Periods without stopping can also mean, however, that you have uterine polyps. Therefore, please inform your gynecologist about menstrual periods that have lasted longer than usual.
“If you used to have two-day bleeds and now you’re bleeding for six or seven days, that could be a sign that something different is going on,” warns doctor Julia Schlam Edelman. “You may have precancerous changes in the lining of your uteruswhich will not appear on your exam pap smear regular.”
Women often experience heavy bleeding during perimenopause, especially when they are overweight for their height. However, heavy bleeding can also indicate the presence of a myoma, non-cancerous tumor that begins in the muscular wall of the uterus. According to the portal, black women are more likely to develop fibroids.
Tell your doctor if heavy bleeding is interfering with your daily life or if you are feeling very tired — you may be anemic as a result of excessive blood loss.
Consultation with a specialist is important for you to discover the cause of your problem, as other more serious conditions – such as pre-cancer and cancer of the uterine lining — can also cause excessive bleeding.
Devorah explains that some women may have blood leaks mid-cycle when ovulating, which is usually explained by the hormonal changes of the time.
But it could also mean that you have a polyp or a condition called adenomyosis, in which the tissue lining the uterus lodges in its muscular wall and causes blood to “leak” between periods. According to a recent study in the American Journal of Obstetrics and Gynecology, the case rate of adenomyosis is disproportionately high among black women.
Breakouts can also signal an infection or precancerous changes in the lining of the uterus, so let your doctor know if they happen.
Maybe you go so long without your period that you think your period will never come again, but when you least expect it, there it is. “This usually means that your brain and your ovaries were still talking and finally a reluctant egg responded,” explains gynecologist Tara Allmen.

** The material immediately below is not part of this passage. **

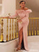 Pink Mermaid Off Shoulder Long Sleeves High Slit Cheap Long Prom Dresses,12916

The time between periods increases as your hormones approach menopause, but an unexpected period after a long time can also signify a gland thyroid hypoactive or hyperactive.
Tell your doctor if you don’t bleed for 90 consecutive days and then start bleeding again. Accumulating several months of lining in your uterus can put you at risk for precancerous changes called hyperplasia.
How to relieve premenopause symptoms
Non-steroidal anti-inflammatory drugs
These pain medications can relieve painful and/or long menstrual cycles, but have the downside of an increased risk of gastrointestinal bleeding.
Low-dose contraceptives, patches or rings
These features can treat heavy bleeding, long cycles, PMS and breast tenderness by preventing excessive buildup of the uterine lining. They can even reduce menstrual blood loss by 50%, spotting is still a possibility.
Intrauterine device (IUD)
THE IUD it can also help with heavy bleeding by thinning the uterine lining. The method can reduce blood loss by up to 86% at three months and up to 97% at 12 months, according to Good Housekeeping. Hormonal effects can include irregular bleeding (which usually improves over time) and breast tenderness.
Dilation and curettage and/or Hysteroscopy
In a dilation and curettage, uterine polyps and lining tissue are removed by a specialist. In a hysteroscopy, a thin, lighted tube is inserted into the uterus and any polyps are cut out. Removing polyps improves abnormal bleeding by 75% to 100%, but polyps can grow back.
In this procedure, a layer of uterine lining is removed using radiofrequency waves, freezing, or other techniques to help with heavy bleeding or long cycles. This controls bleeding in 60% to 80% of women, but you may need a repeat every few years.